- Exercise data:
*** Block opens ***

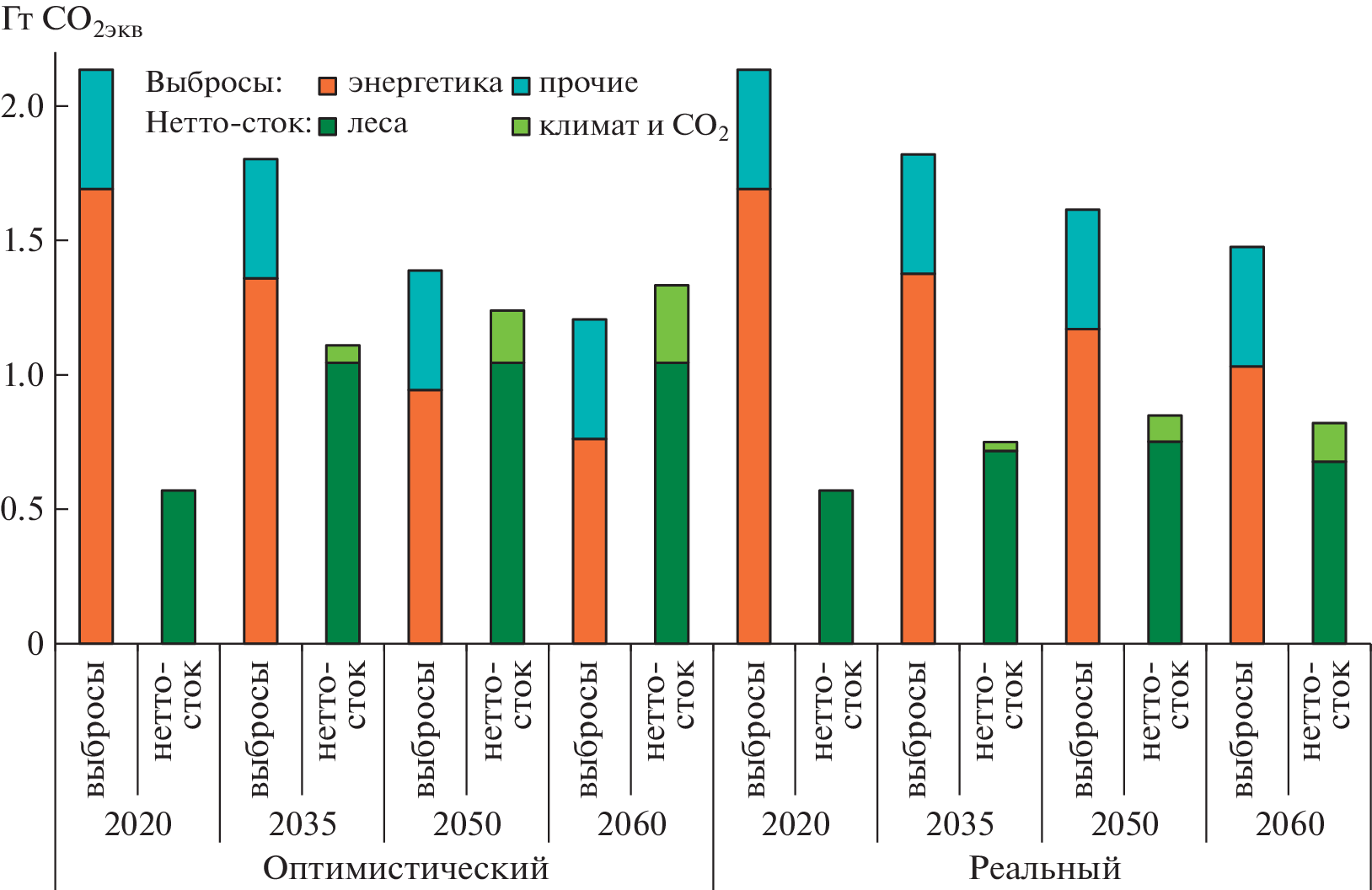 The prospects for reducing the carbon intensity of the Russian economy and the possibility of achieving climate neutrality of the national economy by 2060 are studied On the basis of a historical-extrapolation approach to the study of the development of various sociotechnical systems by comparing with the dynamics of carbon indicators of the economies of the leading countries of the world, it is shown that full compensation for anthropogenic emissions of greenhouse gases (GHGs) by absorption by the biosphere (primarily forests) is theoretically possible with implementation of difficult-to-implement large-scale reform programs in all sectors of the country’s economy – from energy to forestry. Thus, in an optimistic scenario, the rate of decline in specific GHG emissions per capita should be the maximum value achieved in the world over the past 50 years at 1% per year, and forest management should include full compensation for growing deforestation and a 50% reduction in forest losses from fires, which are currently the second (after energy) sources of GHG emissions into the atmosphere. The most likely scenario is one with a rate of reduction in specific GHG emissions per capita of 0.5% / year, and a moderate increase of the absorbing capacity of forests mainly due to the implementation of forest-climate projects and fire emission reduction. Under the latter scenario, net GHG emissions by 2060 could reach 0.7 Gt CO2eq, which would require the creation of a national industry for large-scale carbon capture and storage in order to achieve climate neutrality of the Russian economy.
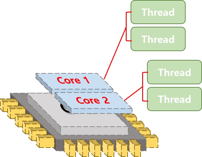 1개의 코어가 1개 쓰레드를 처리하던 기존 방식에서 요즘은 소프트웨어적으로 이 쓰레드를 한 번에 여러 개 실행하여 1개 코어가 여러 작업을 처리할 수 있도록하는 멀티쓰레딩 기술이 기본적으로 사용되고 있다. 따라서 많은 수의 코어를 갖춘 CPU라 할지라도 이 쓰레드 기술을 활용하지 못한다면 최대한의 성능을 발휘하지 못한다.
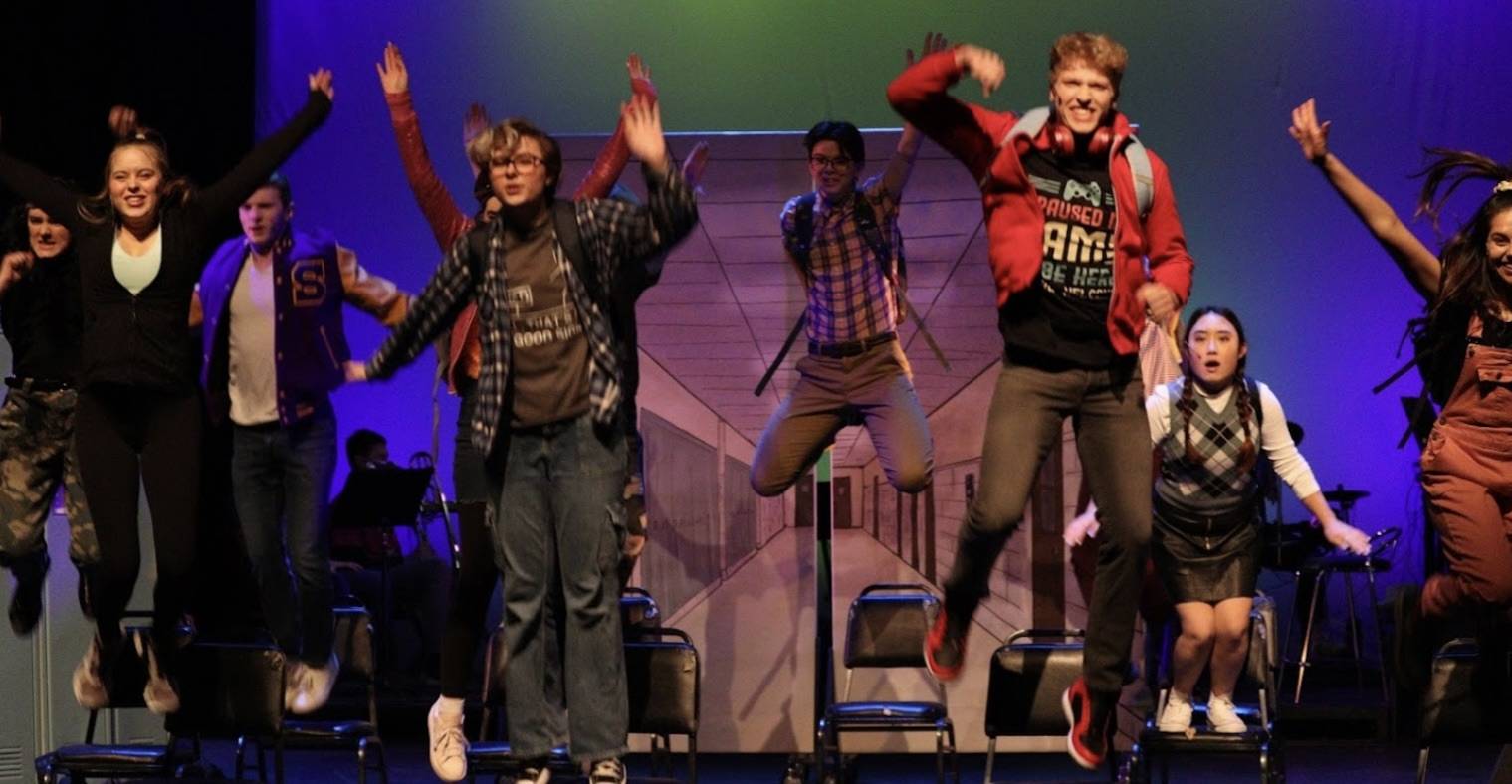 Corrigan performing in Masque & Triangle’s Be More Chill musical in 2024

*** Block closes ***

An exact, word-for-word version of the material is required, free of pictures.

- Answer below:
 The prospects for reducing the carbon intensity of the Russian economy and the possibility of achieving climate neutrality of the national economy by 2060 are studied On the basis of a historical-extrapolation approach to the study of the development of various sociotechnical systems by comparing with the dynamics of carbon indicators of the economies of the leading countries of the world, it is shown that full compensation for anthropogenic emissions of greenhouse gases (GHGs) by absorption by the biosphere (primarily forests) is theoretically possible with implementation of difficult-to-implement large-scale reform programs in all sectors of the country’s economy – from energy to forestry. Thus, in an optimistic scenario, the rate of decline in specific GHG emissions per capita should be the maximum value achieved in the world over the past 50 years at 1% per year, and forest management should include full compensation for growing deforestation and a 50% reduction in forest losses from fires, which are currently the second (after energy) sources of GHG emissions into the atmosphere. The most likely scenario is one with a rate of reduction in specific GHG emissions per capita of 0.5% / year, and a moderate increase of the absorbing capacity of forests mainly due to the implementation of forest-climate projects and fire emission reduction. Under the latter scenario, net GHG emissions by 2060 could reach 0.7 Gt CO2eq, which would require the creation of a national industry for large-scale carbon capture and storage in order to achieve climate neutrality of the Russian economy.
 1개의 코어가 1개 쓰레드를 처리하던 기존 방식에서 요즘은 소프트웨어적으로 이 쓰레드를 한 번에 여러 개 실행하여 1개 코어가 여러 작업을 처리할 수 있도록하는 멀티쓰레딩 기술이 기본적으로 사용되고 있다. 따라서 많은 수의 코어를 갖춘 CPU라 할지라도 이 쓰레드 기술을 활용하지 못한다면 최대한의 성능을 발휘하지 못한다.
 Corrigan performing in Masque & Triangle’s Be More Chill musical in 2024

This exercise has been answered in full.